First, try the reasonable approach of writing to the employee, explaining how and when the specified overpayment was made, and seeking their written consent to deduct the amount from their next pay(s). If the employee agrees to the deduction(s) in writing, then the problem is solved, and it would be a good time for the employer to audit their payroll system to ensure the error doesn’t happen again.

However, if the employee refuses to provide consent to the employer to deduct an overpayment from future payments, things can become a little trickier and the factual matrix in which the overpayment occurred can become very important. Two interesting cases demonstrate the two different paths recouping overpayments can take.

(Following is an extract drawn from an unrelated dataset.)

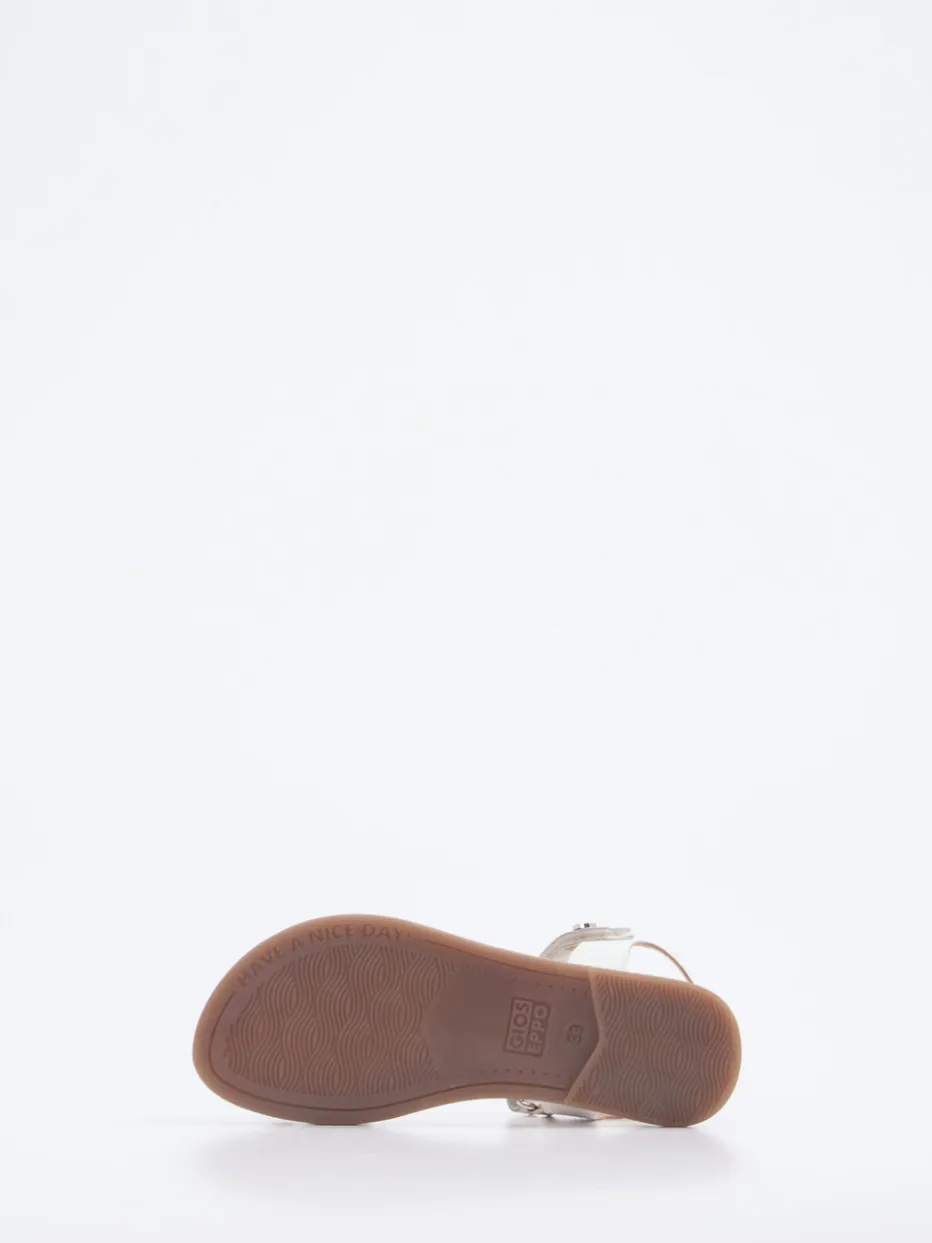 Mit glänzenden Metallic-Blüten und flacher Gummisohle vereint diese Kindersandale stilvolles Design und Tragekomfort. Ideal für warme Tage in Freizeit oder Urlaub.

In the 2012 Employment Court case of Foai v Air New Zealand, Mr Foai was promoted from a part-time baggage handler to a temporary full-time administrative role, anticipated to last for three months. Because the new role was only temporary, the terms were only evidenced in a letter, and the rate of pay was vaguely worded as being his average hourly pay for his usual (part-time) role as a baggage handler. Mr Foai’s new role was extended numerous times over a 16-month period, each time via the same vague letter regarding his pay.

Mr Foai started to notice that his pay had become very erratic, yo-yoing up and down and in many cases, well in excess of what he had been expecting. Over the 16 months of his temporary role Mr Foai variously raised this issue with his manager, HR and a person in payroll. He repeatedly queried whether the pay he was receiving was correct. Commitments were made to investigate the matter, but no-one took it seriously until he had been in the role for 16 months. By that time, it became apparent that Mr Foai had been overpaid more than $42,000. Understandably, his employer wanted Mr Foai to pay this money back.

Unfortunately, Mr Foai had come to believe that his pay must have actually been correct, and with his new position involving him in regular interaction with managers and even the CEO, he rationalised that this must be what happens when you rise up through the ranks. He was also required to travel frequently and had no idea what payments he received as a result of this. Consequently, he adjusted his lifestyle to his improved position, shouting his parents a long-overdue trip back to Samoa, a trip for himself to Hawaii and even his child support payments were increased by IRD as a result of his increased remuneration. Mr Foai relied on the equitable defence of change of position (in reliance on the employer’s error in this case) to argue why the overpayments should not be repaid.

The Employment Court held that the employer had the responsibility to ensure they paid employees correctly and that Mr Foai’s repeated questioning as to whether his pay was correct should have led them to investigate the matter. Further, this failure to investigate in conjunction with the vague references in the renewal letters as to what Mr Foai should actually be paid, were sufficient to lead Mr Foai to believe he was on the correct remuneration and to alter his lifestyle in reliance on that. The Employment Court declined to order Mr Foai to repay the overpayments.

However, in a matter before the Authority in January 2018 (Evolve Education Group Limited v Hobbs) the opposite outcome resulted. The employee, Ms Hobbs, reduced her hours from 25 hours per week to five hours per week. She informed her employer of this and her employer asked her to complete weekly timesheets, which she failed to do. Two months later, in September 2016, Ms Hobbs informed the employer they were still paying her for 25 hours per week when she was only working five, and asked for a new employment agreement. A new agreement was emailed to her incorporating the changes, but she failed to sign and return it. It was not until April 2017 that a new payroll administrator picked up the error that Ms Hobbs was still being paid for 25 hours per week, and that the overpayments amounted to $14,750.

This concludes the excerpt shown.